カルロス皇太子が無料給食所で彼女の善行を補助することになり、より親しいい関係の男友達、女友達関係になった。

まあ、ありふれた小説の中の三角関係の設定だったけど私が前世で恋愛をしたことがないため、ギリギリの関係を文章でどう表現すればいいか悩んだ末、諦めていた。

キスも一度もしたことがなかったから、どんな感じか書くことができなかったからだ。

私が前世で主に演じていた役は、主人公の友達1、2、3か悪役なので、悲しくも彼氏どころか、男優ともそんなことをしてみたことがない。


(たっ)


私はなぜか食欲が落ちて私が好きなマッシュルームスープを食べることができなくなった。

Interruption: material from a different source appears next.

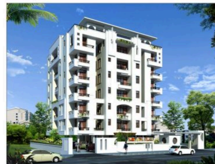
Site : Plot No. C-207-208, Gautam Marg, Hanuman Nagar, Jaipur
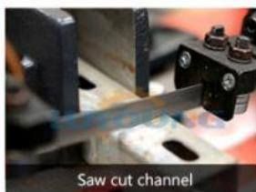
Saw cut channel

それで大まかに食事を終えた後、テーブルの上にスプーンを置いた。

この世界に来て20歳になるまで、告白されなかったわけではない。

10本の指を超えてるしかなり告白された方だと思う。

しかし、私が一番好きなキャラクター達は小説でどんな描写でも表現できないイケメン達なので(じゅるる…)私の理想型の基準があまりにも高かった。

それで前世から現世まで恋愛を一度もしたことのない、ヘタレ、妖精、魔術師がまさに私だった。


「エレイン。食事の後は何をするの?」


「うーん…、ベリーナの誕生日プレゼントを選びに市内に行くと思うよ! ヘレンも一緒に行く?」


「いや…。ごめん!私は時間が合わないかも! 」


「ヘレン~、ジェイクさんに会いに馬場に行くんでしょ?」


「い、いや…!ヒック、違うよ」


ツインテールにした髪を揺らしながら顔が赤くなったヘレンは、照れくさそうな笑みを浮かべて手を振っていた。


((本当にうらやましいな。そう、 一番良い時だもんね…!))


私は苦々しい笑みを浮かべながらトレーを持って立ち上がった。

今日、美味しくシチューを作ってくれたアヤンカおばさんに挨拶をして、陽気にお尻をフリフリ揺らしているヘレンと別れて市内に向かった。